An Agreement That Lacks Consideration Is Said To Be

A promise to pay part of a debt is not a sufficient counterpart to pay a larger debt. This is because there is no new counterpart for paying a smaller amount of money. For example, a buyer of goods who has paid £10 in the past. This is not a good counterparty for the delivery of new goods to conclude a new contract. In any event, if the promisor provides what he was obliged to do under public law, the promised fulfilment of the existing obligation is in any event not a good consideration. At Collins vs. Godefrey, Godefrey promised to pay Collins for his testimony. It was found that Collins failed to keep his promise, as he was in any event subject to a legal obligation to testify. [21] “Past consideration is not a consideration”: the recital must be “executory” or “executed”, but not “not”, In other words, the consideration must be made in the present or in the future, but things that are done before cannot be a good consideration. [6] The special word “consideration” in contract law refers to something that has value in the eyes of the law. It is consideration that has been provided in the past and not at the time of conclusion of the contract. On the other side of the coin, the illegal quid pro quo could be a promise not to do something to which a party is legally required to pay taxes, for example.B.

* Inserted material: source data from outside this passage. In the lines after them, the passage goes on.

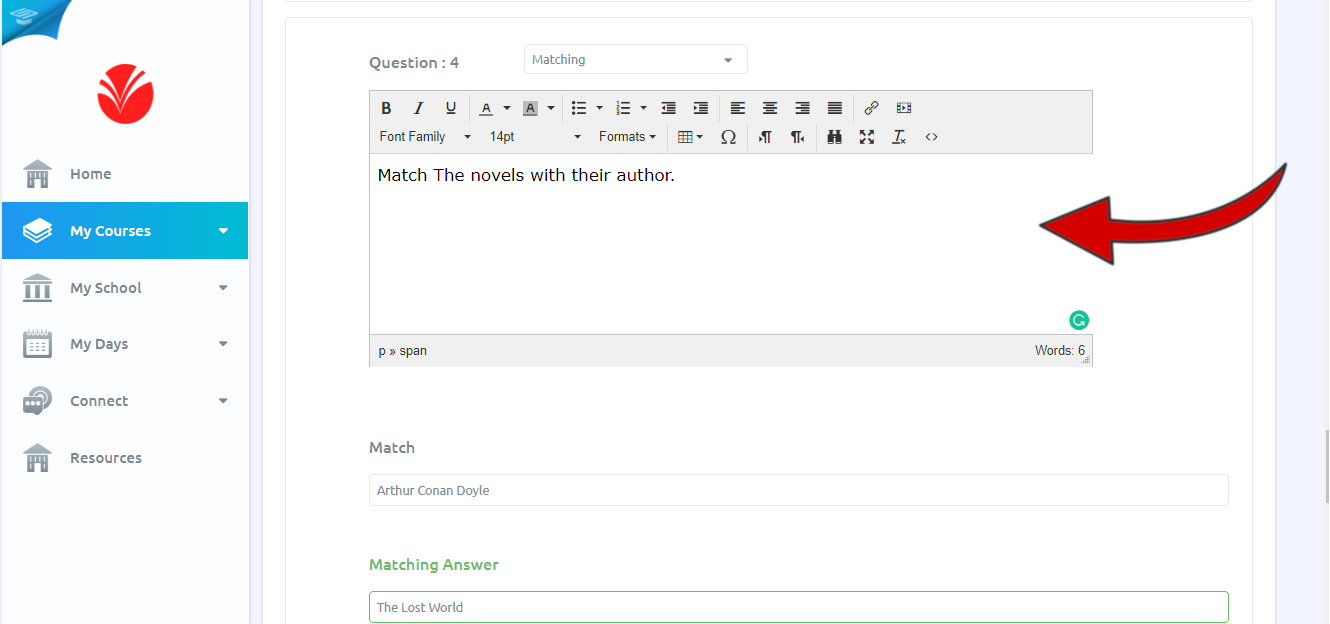3. Type an item in the Match box and its matching item in the Matching Answer box.
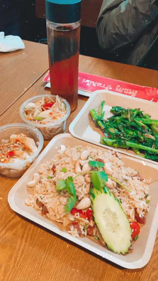 完全沒有想過旺角鬧市街頭也有如此便宜的平民美食。粉紅水門雞飯 - $36想不到海南雞的份量也頗多,肉也算嫩滑,皮略帶油脂也可以接受;雞油飯香口不油。冬蔭雞肉炒香料飯 - $36炒飯炒得乾身不油膩,除了一片片的雞肉外,有微辣的冬蔭功,充滿泰式香料味,有一粒粒腰果好有口感。泰姐製馬拉盞炒芥蘭 - $18香辣的馬拉盞正好掩蓋芥蘭的苦澀,好爽脆。芒果糯米飯 - $18芒果片鮮甜多汁,軟糯的糯米飯充滿椰香。冷泡白桃烏龍 - $8清爽的烏龍茶香,有白桃的香甜。冷泡炭培烏龍 - $8濃郁一點,有炭燻香。查看更多
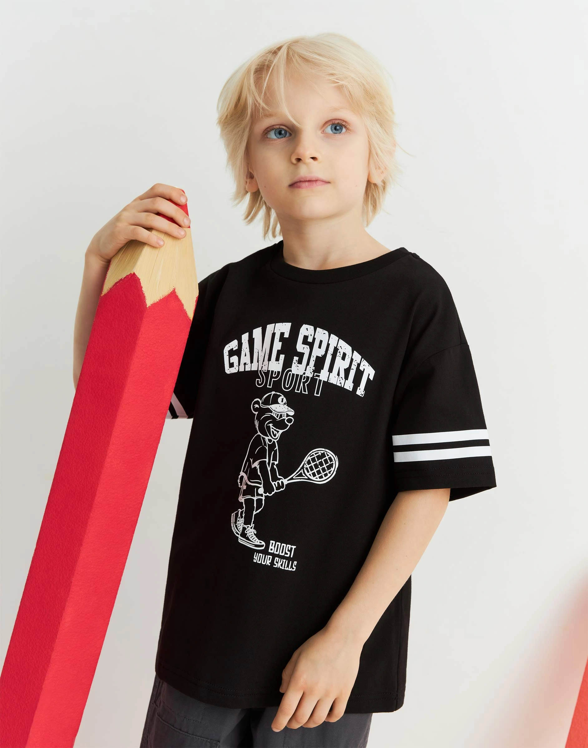 Чёрная футболка с принтом для мальчика Bkt016716-1
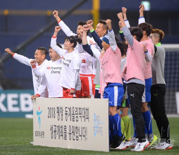 19일 서울 구로구 고척스카이돔에서 홍명보 자선축구 경기 ‘KEB하나은행과 함께하는 2017 셰어 더 드림 풋볼 매치(Share The Dream Football Match)가 열렸다. 하프타임 때 펼쳐진 계주 경기가 끝난 후 선수들이 평창 동계올림픽 성공 개최를 위한 포토타임을 갖고 있다.
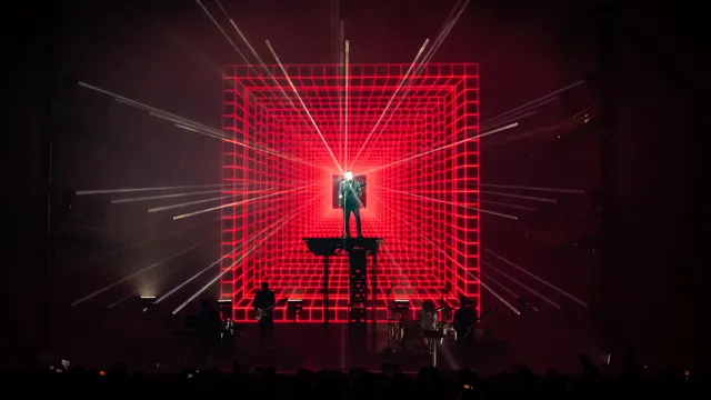 Het meest indrukwekkend is echter het lichtplan. Aan beide zijkanten van het podium is een immense stellage gebouwd met lampen die dwars over het podium schijnen en samen met de spots in de nok van de zaal een felrode kooi rond de band vormen. Op het lange LED-scherm achter de band staat een soort rooster van ontelbaar veel vakjes, waar gedurende de twee uur lange show van alles mee gebeurt. Het ene moment strekt het zich in optische illusies uit tot een eindeloze tunnel, het andere waaien de vakjes rond in een wilde wervelwind, tot ze uiteindelijk de wereldbol vormen die op de hoes van Bubble Gum prijkt. Ieder nummer krijgt de lichtshow die het toekomt, maar nergens verliest De Staat het geheel uit het oog.

or to satisfy a legal requirement. For this reason, consideration may be insufficient from a commercial point of view, but for legal purposes: similarly, if a party is already legally required to do something, it cannot be a new consideration either. A commitment to fulfil an existing contractual obligation towards a third party (as opposed to the fulfilment of that obligation) may also constitute consideration. [17] Nor is the promise to honour an obligation already owed to the contractor a good consideration. [23] However, this rule has been considerably limited by recent case law. The general rule is that when a creditor promises to pay a debt against a fraction of the payment by paying the agreed portion, the commitment is not in return for the promise, since it is only the partial performance of a contractual obligation already due. [24] [25] Therefore, the debtor remains liable for the entire amount, as it cannot force the promisor to accept less. A prominent example is Stilk v Myrick, where Stilk, a sailor, agreed with Myrick to sail his boat for £5 a month to the Baltic Sea and back. During the trip, two men deserted.

Myrick promised that he would increase Stilk`s salaries if Stilk agreed to abide by his contract, given the desertions. Stilk agreed, and when Myrick returned to port, he refused to pay him the extra salaries. It was found that Myrick`s new promise was unenforceable, because the quid pro quo stilk had provided for that purpose, the fulfillment of a duty he already contractually owed to Myrick was not a good counterpart to Myrick`s promise to increase his salaries. [26] Reciprocity of consideration is fundamental to contract law. The consideration must be real or sufficient in the sense that it has economic value. Where is the new thinking? If the consideration does not pass from the employer in support of the new version, the amendment (a “presumed change”) is likely not valid or enforceable. When an employer insists that the new contract be fulfilled – for example, it is a reduction in wages or less favourable working conditions – it may be a negative breach of contract or a constructive termination. Do you have a problem with a contract that you can solve? Does a technical point of contract law in your contract make you stop in what you want to do? But if the promise offers more than what public duty imposes on it, it is a good reflection.